▼▼▼

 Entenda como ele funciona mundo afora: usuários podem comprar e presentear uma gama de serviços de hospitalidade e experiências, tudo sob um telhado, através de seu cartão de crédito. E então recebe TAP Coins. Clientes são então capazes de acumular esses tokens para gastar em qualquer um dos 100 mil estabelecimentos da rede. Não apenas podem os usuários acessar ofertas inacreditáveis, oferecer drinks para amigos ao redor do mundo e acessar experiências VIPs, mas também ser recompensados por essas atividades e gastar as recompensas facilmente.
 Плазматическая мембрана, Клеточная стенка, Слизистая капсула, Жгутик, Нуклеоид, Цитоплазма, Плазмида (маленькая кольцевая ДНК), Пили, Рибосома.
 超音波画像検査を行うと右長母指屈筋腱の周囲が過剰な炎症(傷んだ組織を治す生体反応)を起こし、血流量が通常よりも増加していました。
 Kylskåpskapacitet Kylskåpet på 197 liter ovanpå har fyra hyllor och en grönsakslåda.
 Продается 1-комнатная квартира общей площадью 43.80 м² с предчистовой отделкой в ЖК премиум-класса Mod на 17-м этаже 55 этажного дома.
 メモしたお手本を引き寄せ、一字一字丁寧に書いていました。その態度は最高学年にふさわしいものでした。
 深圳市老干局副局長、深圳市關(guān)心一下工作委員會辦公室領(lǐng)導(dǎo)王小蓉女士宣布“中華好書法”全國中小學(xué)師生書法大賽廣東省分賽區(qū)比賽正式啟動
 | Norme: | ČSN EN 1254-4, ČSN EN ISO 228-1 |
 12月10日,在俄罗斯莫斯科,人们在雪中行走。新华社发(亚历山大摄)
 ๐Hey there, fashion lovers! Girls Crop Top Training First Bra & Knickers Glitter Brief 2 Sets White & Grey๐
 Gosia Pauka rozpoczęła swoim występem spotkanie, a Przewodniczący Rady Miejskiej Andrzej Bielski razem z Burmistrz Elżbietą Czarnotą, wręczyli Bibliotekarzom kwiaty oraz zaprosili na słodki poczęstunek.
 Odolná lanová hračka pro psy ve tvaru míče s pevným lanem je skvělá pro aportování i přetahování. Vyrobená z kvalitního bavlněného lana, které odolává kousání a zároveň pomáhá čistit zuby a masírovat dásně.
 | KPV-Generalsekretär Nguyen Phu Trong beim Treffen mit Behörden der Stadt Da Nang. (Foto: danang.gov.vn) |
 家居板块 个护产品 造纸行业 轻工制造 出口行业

▲▲▲
▼▼▼

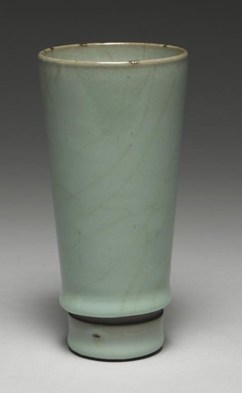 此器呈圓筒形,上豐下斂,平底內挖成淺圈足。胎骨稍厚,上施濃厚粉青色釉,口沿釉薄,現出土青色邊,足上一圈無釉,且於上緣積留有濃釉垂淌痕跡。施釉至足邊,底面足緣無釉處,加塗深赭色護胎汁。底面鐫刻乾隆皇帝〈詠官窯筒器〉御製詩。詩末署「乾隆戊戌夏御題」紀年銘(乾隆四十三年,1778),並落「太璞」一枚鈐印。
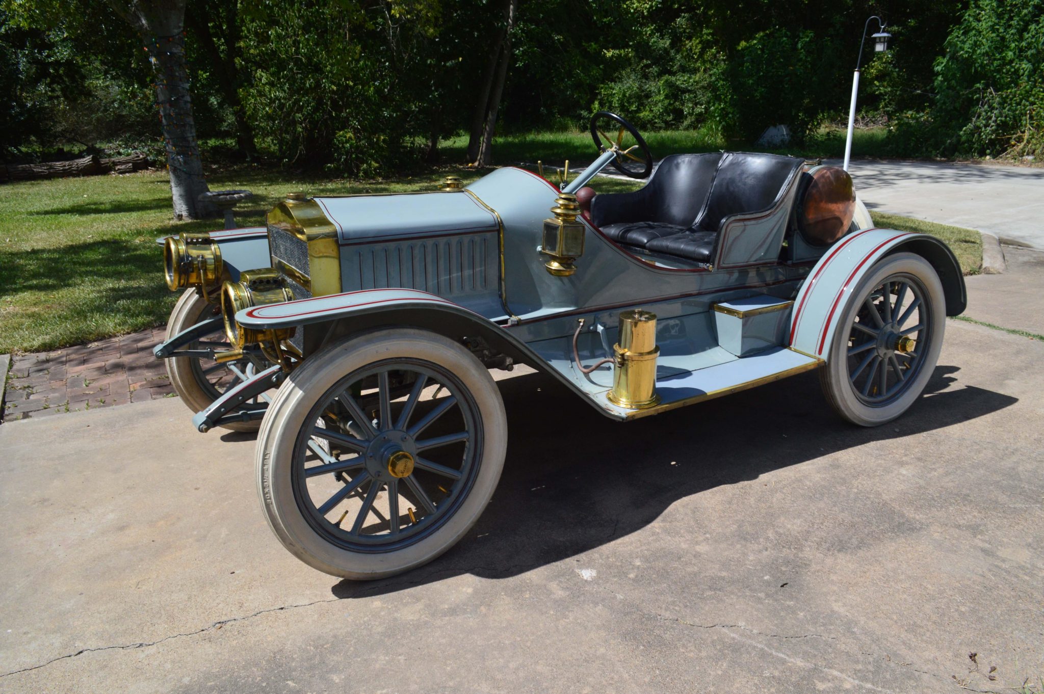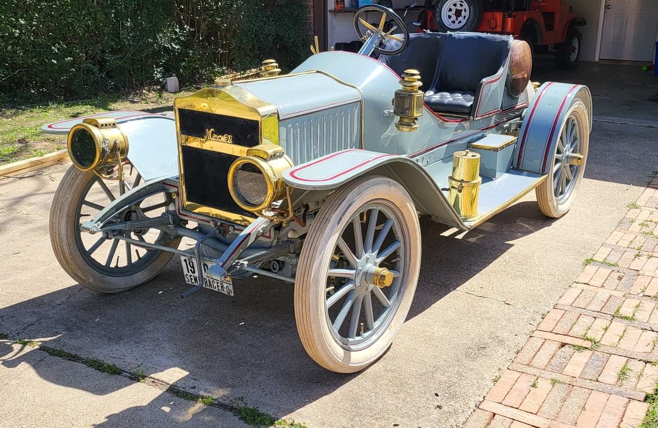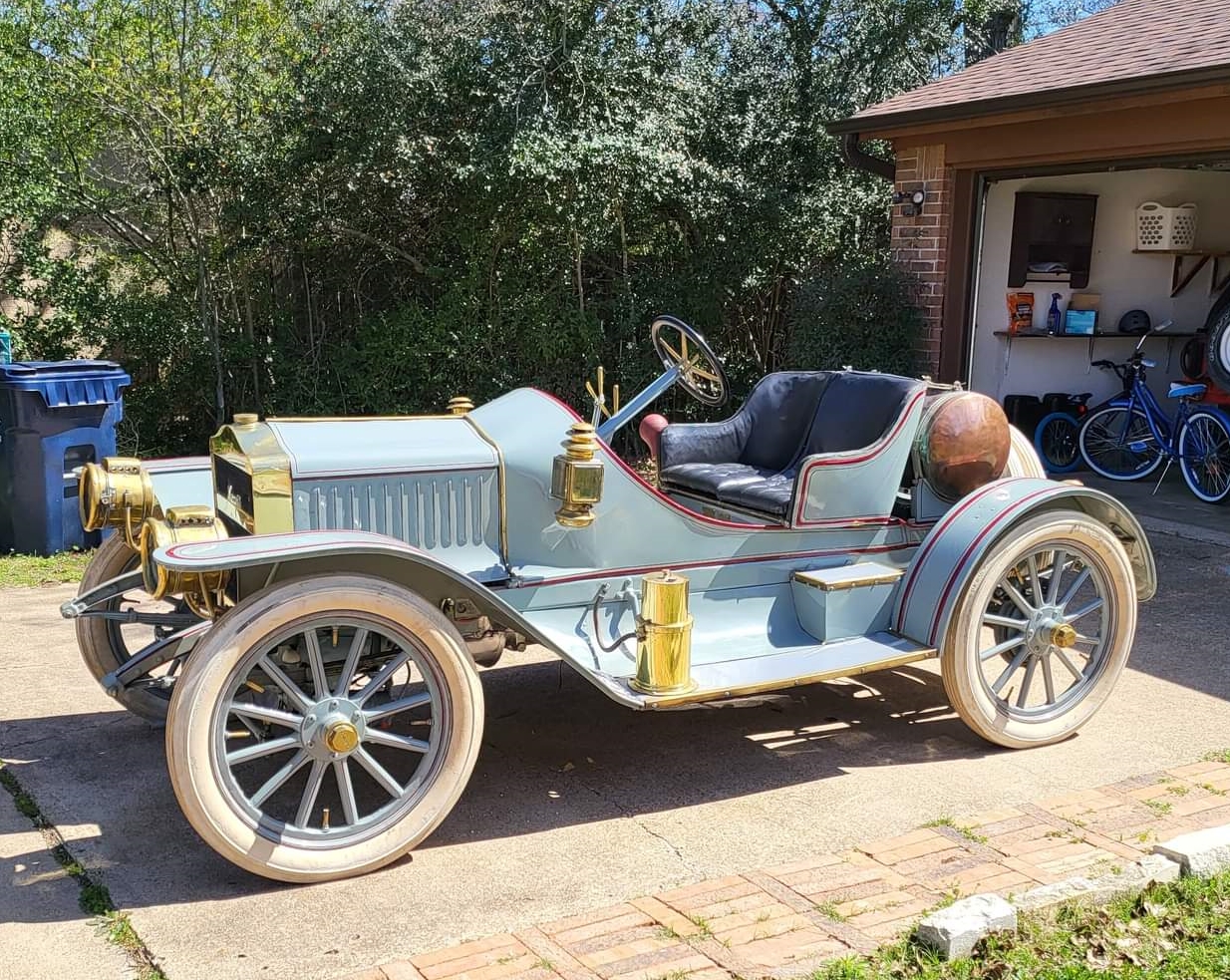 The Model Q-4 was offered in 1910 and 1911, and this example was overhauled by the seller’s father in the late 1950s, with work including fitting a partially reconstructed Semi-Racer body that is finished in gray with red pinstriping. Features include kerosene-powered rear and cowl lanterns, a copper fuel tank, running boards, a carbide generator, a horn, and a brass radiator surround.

▲▲▲

TASK REQUIREMENTS:
Reproduce exactly the entries above, limited to the lines from the one with "Entenda como ele" through the one with "家居板块 个护产品 造纸行业 轻工制造 出口行业", both included.

SOLUTION:
 Entenda como ele funciona mundo afora: usuários podem comprar e presentear uma gama de serviços de hospitalidade e experiências, tudo sob um telhado, através de seu cartão de crédito. E então recebe TAP Coins. Clientes são então capazes de acumular esses tokens para gastar em qualquer um dos 100 mil estabelecimentos da rede. Não apenas podem os usuários acessar ofertas inacreditáveis, oferecer drinks para amigos ao redor do mundo e acessar experiências VIPs, mas também ser recompensados por essas atividades e gastar as recompensas facilmente.
 Плазматическая мембрана, Клеточная стенка, Слизистая капсула, Жгутик, Нуклеоид, Цитоплазма, Плазмида (маленькая кольцевая ДНК), Пили, Рибосома.
 超音波画像検査を行うと右長母指屈筋腱の周囲が過剰な炎症(傷んだ組織を治す生体反応)を起こし、血流量が通常よりも増加していました。
 Kylskåpskapacitet Kylskåpet på 197 liter ovanpå har fyra hyllor och en grönsakslåda.
 Продается 1-комнатная квартира общей площадью 43.80 м² с предчистовой отделкой в ЖК премиум-класса Mod на 17-м этаже 55 этажного дома.
 メモしたお手本を引き寄せ、一字一字丁寧に書いていました。その態度は最高学年にふさわしいものでした。
 深圳市老干局副局長、深圳市關(guān)心一下工作委員會辦公室領(lǐng)導(dǎo)王小蓉女士宣布“中華好書法”全國中小學(xué)師生書法大賽廣東省分賽區(qū)比賽正式啟動
 | Norme: | ČSN EN 1254-4, ČSN EN ISO 228-1 |
 12月10日,在俄罗斯莫斯科,人们在雪中行走。新华社发(亚历山大摄)
 ๐Hey there, fashion lovers! Girls Crop Top Training First Bra & Knickers Glitter Brief 2 Sets White & Grey๐
 Gosia Pauka rozpoczęła swoim występem spotkanie, a Przewodniczący Rady Miejskiej Andrzej Bielski razem z Burmistrz Elżbietą Czarnotą, wręczyli Bibliotekarzom kwiaty oraz zaprosili na słodki poczęstunek.
 Odolná lanová hračka pro psy ve tvaru míče s pevným lanem je skvělá pro aportování i přetahování. Vyrobená z kvalitního bavlněného lana, které odolává kousání a zároveň pomáhá čistit zuby a masírovat dásně.
 | KPV-Generalsekretär Nguyen Phu Trong beim Treffen mit Behörden der Stadt Da Nang. (Foto: danang.gov.vn) |
 家居板块 个护产品 造纸行业 轻工制造 出口行业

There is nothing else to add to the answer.